Tolan has made his way past the first test and continued on to his second year at the academy along with his two friends. No longer plagued by doubts about whether he belongs at the academy, Tolan continues to study and learn how to better connect to his growing magic. While he has grown in power with fire, he still struggles to connect with the other elements and if he can’t figure out a way, his journey at the academy will come to an end.

However, he finds himself once again embroiled in plots much bigger than himself. He discovers a potent artifact that grants him greater connection to the elemental power he wields. But little does he know, the power he has found is being sought by those who seek to destroy the academy and release the elementals. 

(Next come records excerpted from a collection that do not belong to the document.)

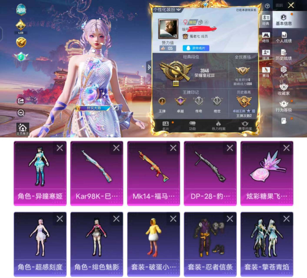 103套装/枪械3/装备108/战备73/王牌印记2/热力值31603/五级G
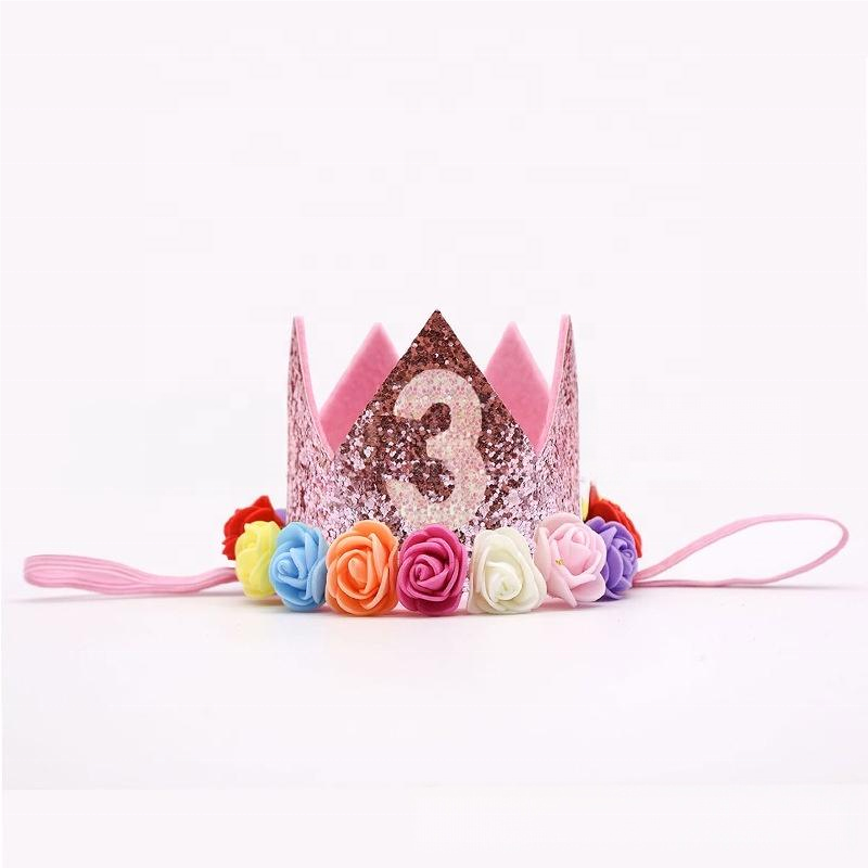 Cute Baby Birthday Crown Princess Tiara Girls Party Hat with Glitter Pink Roses for 1-9 Years Old Christmas Birthday Decorations
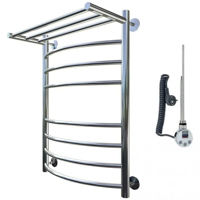 Электрический полотенцесушитель Тругор Приоритет 2 элТЭН 80x60 см с полкой, цвет хром. Используется для просушки влажных вещей и полотенец, а также дополнительного обогрева помещения. Отсутствует вероятность замерзания теплоносителя. Изготовлен из пищевой нержавеющей трубы марки AISI 201, которая отличается стойкостью к высоким температурам и образованию коррозии.
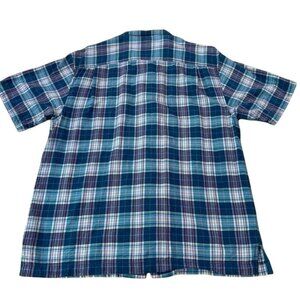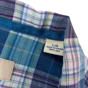 Tommy Bahama Silk Shirt Men's Size Large Aloha Hawaiian Style Casual Blue Plaid
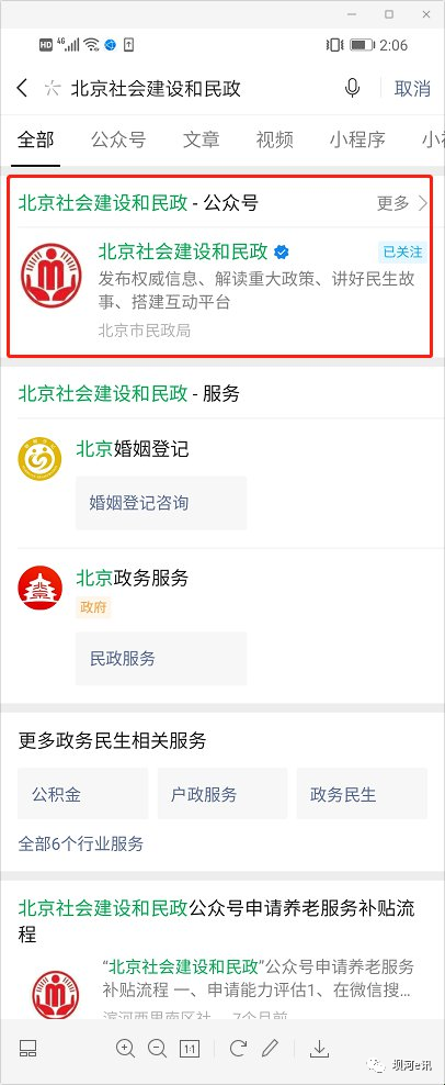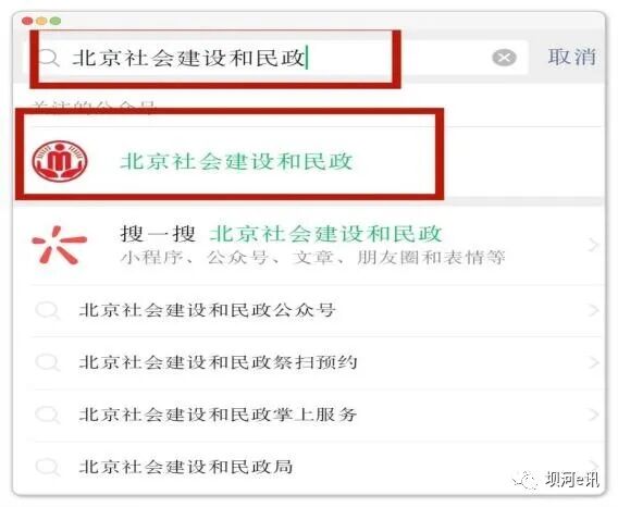 首先,大家打开手机微信,点开微信右上角放大镜一样的图标,进入微信搜索,并搜索“北京社会建设和民政”公众号;
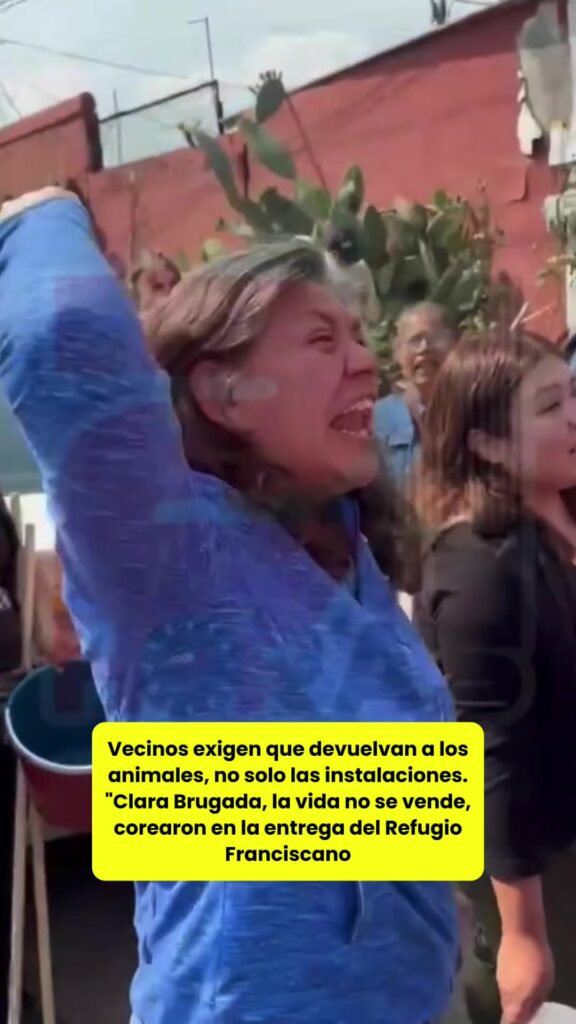 Vecinos exigen que devuelvan a los animales, no solo las instalaciones. “Clara Brugada, la vida no se vende”, corearon en la entrega del Refugio Franciscano. #animales #rescate #refugio #clarabrugada

 Overall, this book felt nearly identical to the first book in terms of pace, character development and discovery by the main character. Tolan didn’t really develop and grow as a character at all from the first book. The only thing that really changed was his understanding of elementals. Even with that increase in knowledge he still can’t seem to understand what he does.

I felt like the author doesn’t really know how his magic system works. There are parts of the story that feel so contradictory. One minute the main character has this insight, but the very next scene he reverts back to this ignorance of his magic, it’s super hard to follow as a the reader and kills the “magic” of the magic system. 

The character development was incredibly lacking this story. You learn a few things about his past, but his friendships with Ferrah and Jonas haven’t changed at all, he still doesn’t trust them to share his experiences, he hides things from them. Where Jonas was attached to him in the first book, somehow Tolan goes days without seeing his friend and when he finally does there is some basic conversation about what’s been happening. 


For the most part, everything that wasn’t good about the novel writing in the first book has continued on into this book, but without the initial discovery of the world that the reader experiences in the first book. I realized that it isn’t just a trilogy, but is in fact a much larger series. Since I have books 1-3 I’ll probably finish the third book, but I really don’t know if I would continue reading. 

I would not strongly recommend this series. If someone wanting to look at a school based series, they could learn things from this as far as using classes to explain magic and the world, without it feeling as if the author is just info dumping, but that’s probably the only reason I would tell someone. With that being said, other books, like Name of The Wind, do a much better job at the school system, and have a better story.